YOUR GOAL: From top to bottom, return the listing exactly as it appears, omitting its images.

PROVIDED INFORMATION:
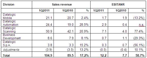 | • The first quarter confirms a sustained growth of sales revenue: 105 million Euros, +17% compared to the same period in 2010 • Strong growth in EBITDA to 14.9 million Euros, +40.7% vs. 1Q10 and with an EBITDA margin at 14.2% • Net profit of 5.7 million Euros, +37% versus 1Q10 • Improved net financial debt to €71.2 million Euros Bologna, 10th May 2011 – The Board of Directors of Datalogic S.p.A. (Borsa Italiana S.p.A.: DAL), a company listed in the Star segment of Italy’s stock exchange (MTA) organised and managed by Borsa Italiana SpA (“Datalogic”) and market leader in barcode readers, data collection mobile computers, RFID and vision systems, today approved the interim financial statements for the quarter ending on 31st March 2011. The first quarter of 2011 closed with a consolidated net profit of 5.7 million Euros, up by 37% vs. 4.1 million recorded in the first quarter of 2010. Mauro Sacchetto, CEO of Datalogic, commented: “FY2011 opened with strong growth results compared to the previous year and the last quarter both in terms of turnover and profitability, validating the excellent performance of 2010. The first quarter showed a positive trend in all divisions confirming a higher growth compared to reference markets. Work on the costs structure, started in previous years, has allowed further efficiency gains thereby ensuring the achievement of a margin closer to our target for the end of the Business Plan period 2010-2012. Even though the macroeconomic recovery remains uncertain, we look to the future with confidence and thanks to market leadership and continued product innovation, we are confident of strengthening the growth process already begun.” Sales revenue reached 105 million Euros, representing a 17.2% growth compared to the first quarter of 2010 and a 3% rise compared to the fourth quarter of 2010, thanks to commercial strategy and continuous product innovation. At constant Euro/Dollar exchange rates, the increase versus the previous year would have been slightly lower at 16.7%. EBITDA rose to 14.9 million Euros, with a strong growth of 40.7% compared to 10.6 million Euros in the first quarter of 2010 and to 10.9 million Euros reported in the fourth quarter of 2010, confirming the continuous progression of results and a relevant growth of profitability (EBITDA margin at 14.2% compared with 11.8% in the first quarter of 2010). This positive trend has been reached thanks to the reduction of operating costs, equal to 37.6 million Euros (up 13.6% in the first quarter of 2010 and down by 3% in comparison to last quarter). Research and Development costs totalled 6.8 million Euros, equivalent to 6.5% of revenue. Even more relevant was the growth in EBITANR[1] which amounted to 12.2 million Euros (7.7 million in the first quarter of 2010 and 7.9 million in the last quarter of 2010). After financial charges substantially stable at 1.5 million Euros, compared to 1.4 million in the first quarter of 2010 and foreign exchange losses at 1.5 million compared to a foreign exchange profit of 0.9 million Euros in the first quarter of 2010, net profit grew to 5.7 million, compared with 4.1 million in the first quarter of previous year. Net financial debt at 31st March 2011 was 71.2 million Euros, a significant improvement compared to 76.5 million recorded at 31st December 2010. Net working capital amounted to 32.7 million Euros at 31st March 2011, increasing by 5.5 million versus 27.2 million at 31st December 2010. ![]() All of the Group’s divisions have registered growth compared to the first quarter of the previous financial year; in particular, the Scanning and Automation Divisions have continued to show a very positive trend in the first three months of this year. The Datalogic Automation Division, which specializes in the production of barcode, RFID and vision automatic identification systems, recorded in the quarter revenues of 24.4 million Euros up 28.5%. The Datalogic Scanning Division, specialized in the production of bar code readers for the retail market and hand held scanners, posted a 21% increase in revenues, to 50.9 million Euros. Datalogic Mobile, specialized in the production of mobile computers for professional use, closed the quarter with a sales revenue of 21.1 million Euros up 2.4%, while the Business Development Division (which includes Informatics Inc. and Evolution Robotics Retail Inc.) recorded growth of +8.1% with sales of 8.6 million Euros. The following table shows individual operating divisions’ sales (inclusive of intersegment revenues) and EBITANR (earnings before interest, acquisition amortization and non-recurring items) by segment for the first three months of 2011. In particular, the Scanning and Automation Divisions showed a strong growth in EBITANR. ![]() As to the geographical areas, in the first quarter of 2011 the emerging markets in Asia recorded a significant growth in sales with an increase of 46% at 14 million Euros compared to 9.7 million Euros of the same period last year. The quarter showed good recovery of the Italian market, up 21% from 9.1 million Euros to 11 million Euros, followed by North America, up 18% from 25 million Euros to 29.4 million Euros and Europe, up 13% from 37.9 million Euros to 42.9 million Euros. Please note that the Interim Management Statement at 31st March 2011 is not audited and that it is available in the Investor Relations section of the company’s website: www.datalogic.com. The manager responsible for preparing the company’s financial reports - Dott. Marco Rondelli – declares, pursuant to paragraph 2 of Art. 154-bis of the “Testo Unico della Finanza”, that the accounting information contained in this press release corresponds to the document results, books and accounting records. [1] EBITANR – Earnings before interest, taxes, acquisition and non recurring |
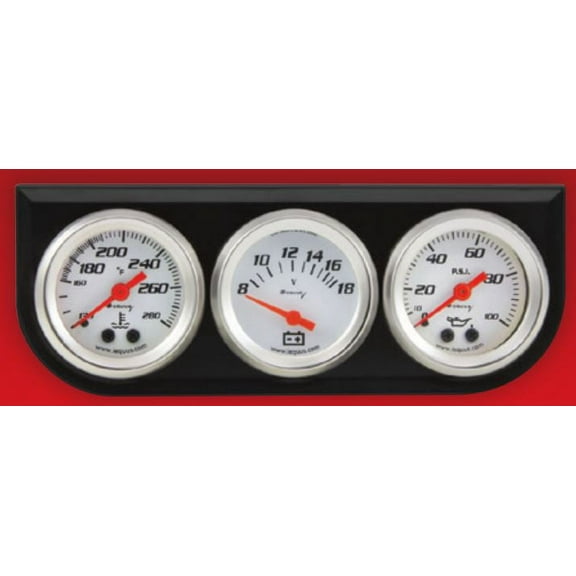 current price $54.99Equus 5200 5000 Series Triple Gauge Set; Incl. 2 in. Water Temp. Gauge; 2 in. Voltmeter; 2 in. Oil Pressure Gauge; 270 Degree Sweep; w/Black Panel;
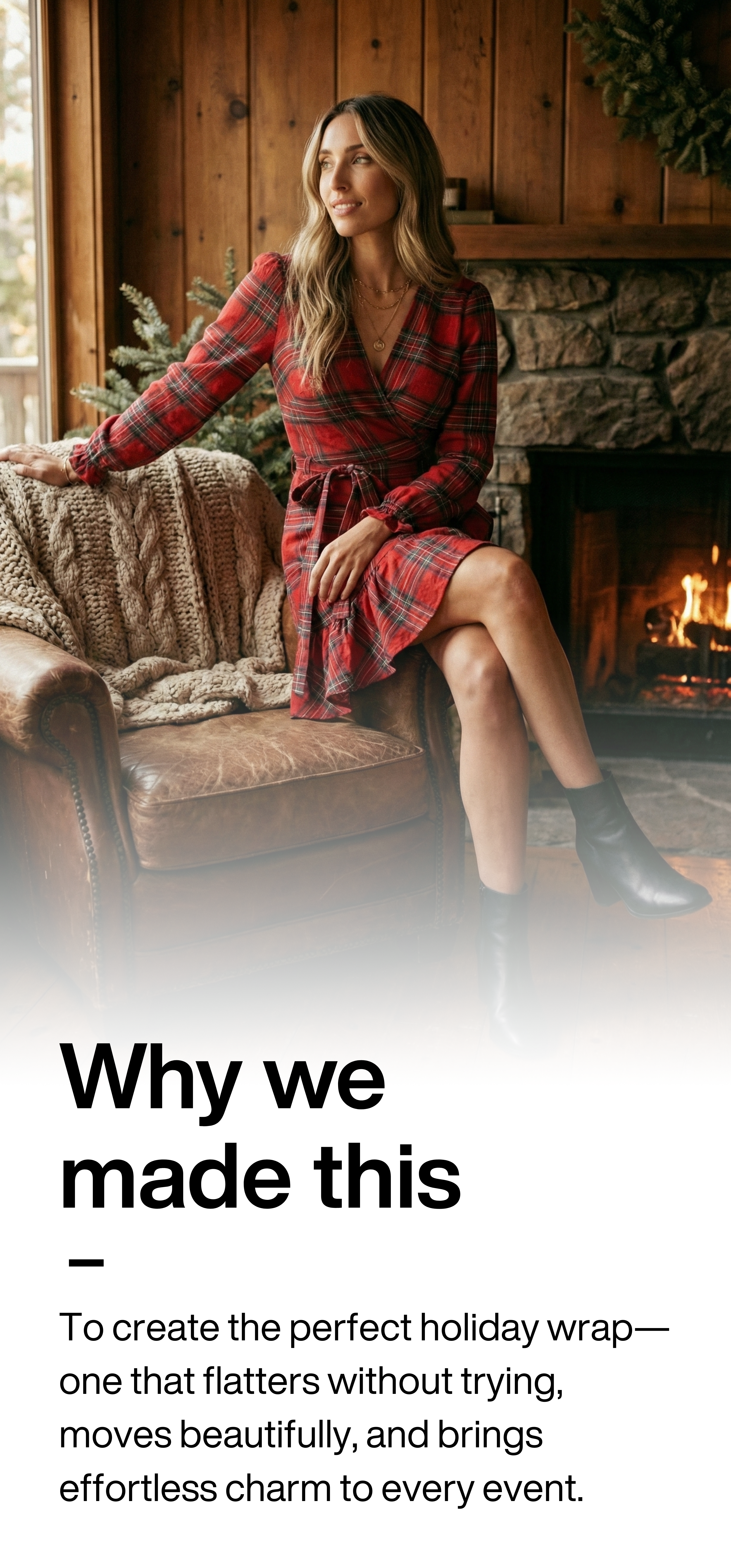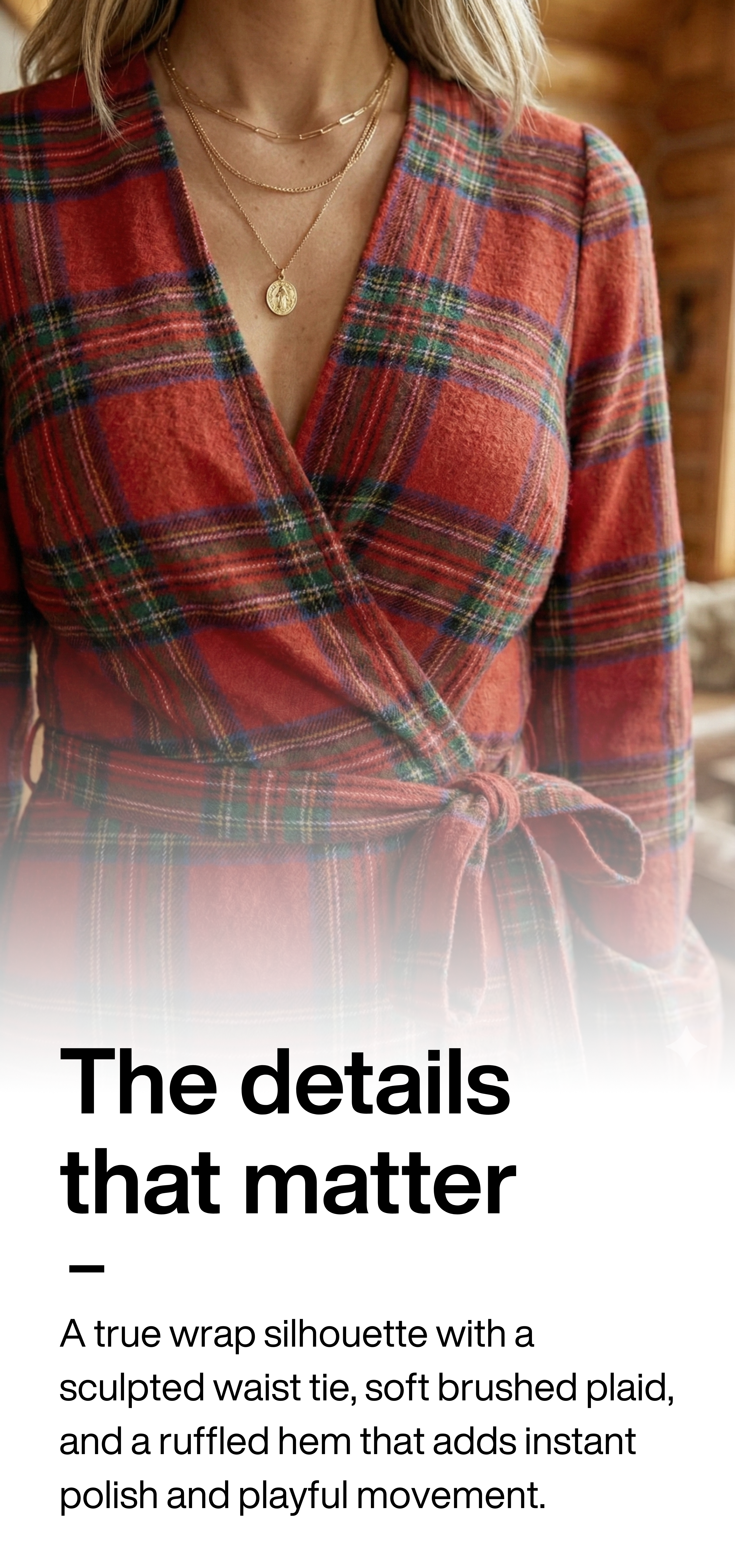 Warm, soft, and unmistakably festive. A cozy wrap silhouette that flatters instantly and feels even better on.
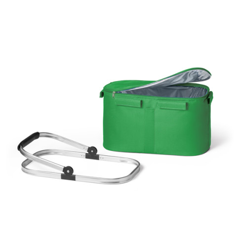 Sacola térmica flexível. 600D. Com zíper duplo e interior forrado. Estrutura removível em alumínio, com pega ergonómica em EVA. Capacidade até 14 L. Food grade. 460 x 250 x 270 mm
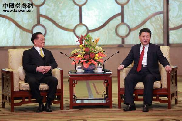 18日下午,習近平在北京釣魚臺國賓館會見了中國國民黨榮譽主席、兩岸和平發展基金會董事長連戰及隨訪的臺灣各界人士。(中國臺灣網 于斯文 攝)

RESPONSE BELOW:
 | • The first quarter confirms a sustained growth of sales revenue: 105 million Euros, +17% compared to the same period in 2010 • Strong growth in EBITDA to 14.9 million Euros, +40.7% vs. 1Q10 and with an EBITDA margin at 14.2% • Net profit of 5.7 million Euros, +37% versus 1Q10 • Improved net financial debt to €71.2 million Euros Bologna, 10th May 2011 – The Board of Directors of Datalogic S.p.A. (Borsa Italiana S.p.A.: DAL), a company listed in the Star segment of Italy’s stock exchange (MTA) organised and managed by Borsa Italiana SpA (“Datalogic”) and market leader in barcode readers, data collection mobile computers, RFID and vision systems, today approved the interim financial statements for the quarter ending on 31st March 2011. The first quarter of 2011 closed with a consolidated net profit of 5.7 million Euros, up by 37% vs. 4.1 million recorded in the first quarter of 2010. Mauro Sacchetto, CEO of Datalogic, commented: “FY2011 opened with strong growth results compared to the previous year and the last quarter both in terms of turnover and profitability, validating the excellent performance of 2010. The first quarter showed a positive trend in all divisions confirming a higher growth compared to reference markets. Work on the costs structure, started in previous years, has allowed further efficiency gains thereby ensuring the achievement of a margin closer to our target for the end of the Business Plan period 2010-2012. Even though the macroeconomic recovery remains uncertain, we look to the future with confidence and thanks to market leadership and continued product innovation, we are confident of strengthening the growth process already begun.” Sales revenue reached 105 million Euros, representing a 17.2% growth compared to the first quarter of 2010 and a 3% rise compared to the fourth quarter of 2010, thanks to commercial strategy and continuous product innovation. At constant Euro/Dollar exchange rates, the increase versus the previous year would have been slightly lower at 16.7%. EBITDA rose to 14.9 million Euros, with a strong growth of 40.7% compared to 10.6 million Euros in the first quarter of 2010 and to 10.9 million Euros reported in the fourth quarter of 2010, confirming the continuous progression of results and a relevant growth of profitability (EBITDA margin at 14.2% compared with 11.8% in the first quarter of 2010). This positive trend has been reached thanks to the reduction of operating costs, equal to 37.6 million Euros (up 13.6% in the first quarter of 2010 and down by 3% in comparison to last quarter). Research and Development costs totalled 6.8 million Euros, equivalent to 6.5% of revenue. Even more relevant was the growth in EBITANR[1] which amounted to 12.2 million Euros (7.7 million in the first quarter of 2010 and 7.9 million in the last quarter of 2010). After financial charges substantially stable at 1.5 million Euros, compared to 1.4 million in the first quarter of 2010 and foreign exchange losses at 1.5 million compared to a foreign exchange profit of 0.9 million Euros in the first quarter of 2010, net profit grew to 5.7 million, compared with 4.1 million in the first quarter of previous year. Net financial debt at 31st March 2011 was 71.2 million Euros, a significant improvement compared to 76.5 million recorded at 31st December 2010. Net working capital amounted to 32.7 million Euros at 31st March 2011, increasing by 5.5 million versus 27.2 million at 31st December 2010. ![]() All of the Group’s divisions have registered growth compared to the first quarter of the previous financial year; in particular, the Scanning and Automation Divisions have continued to show a very positive trend in the first three months of this year. The Datalogic Automation Division, which specializes in the production of barcode, RFID and vision automatic identification systems, recorded in the quarter revenues of 24.4 million Euros up 28.5%. The Datalogic Scanning Division, specialized in the production of bar code readers for the retail market and hand held scanners, posted a 21% increase in revenues, to 50.9 million Euros. Datalogic Mobile, specialized in the production of mobile computers for professional use, closed the quarter with a sales revenue of 21.1 million Euros up 2.4%, while the Business Development Division (which includes Informatics Inc. and Evolution Robotics Retail Inc.) recorded growth of +8.1% with sales of 8.6 million Euros. The following table shows individual operating divisions’ sales (inclusive of intersegment revenues) and EBITANR (earnings before interest, acquisition amortization and non-recurring items) by segment for the first three months of 2011. In particular, the Scanning and Automation Divisions showed a strong growth in EBITANR. ![]() As to the geographical areas, in the first quarter of 2011 the emerging markets in Asia recorded a significant growth in sales with an increase of 46% at 14 million Euros compared to 9.7 million Euros of the same period last year. The quarter showed good recovery of the Italian market, up 21% from 9.1 million Euros to 11 million Euros, followed by North America, up 18% from 25 million Euros to 29.4 million Euros and Europe, up 13% from 37.9 million Euros to 42.9 million Euros. Please note that the Interim Management Statement at 31st March 2011 is not audited and that it is available in the Investor Relations section of the company’s website: www.datalogic.com. The manager responsible for preparing the company’s financial reports - Dott. Marco Rondelli – declares, pursuant to paragraph 2 of Art. 154-bis of the “Testo Unico della Finanza”, that the accounting information contained in this press release corresponds to the document results, books and accounting records. [1] EBITANR – Earnings before interest, taxes, acquisition and non recurring |
 current price $54.99Equus 5200 5000 Series Triple Gauge Set; Incl. 2 in. Water Temp. Gauge; 2 in. Voltmeter; 2 in. Oil Pressure Gauge; 270 Degree Sweep; w/Black Panel;
 Warm, soft, and unmistakably festive. A cozy wrap silhouette that flatters instantly and feels even better on.
 Sacola térmica flexível. 600D. Com zíper duplo e interior forrado. Estrutura removível em alumínio, com pega ergonómica em EVA. Capacidade até 14 L. Food grade. 460 x 250 x 270 mm
 18日下午,習近平在北京釣魚臺國賓館會見了中國國民黨榮譽主席、兩岸和平發展基金會董事長連戰及隨訪的臺灣各界人士。(中國臺灣網 于斯文 攝)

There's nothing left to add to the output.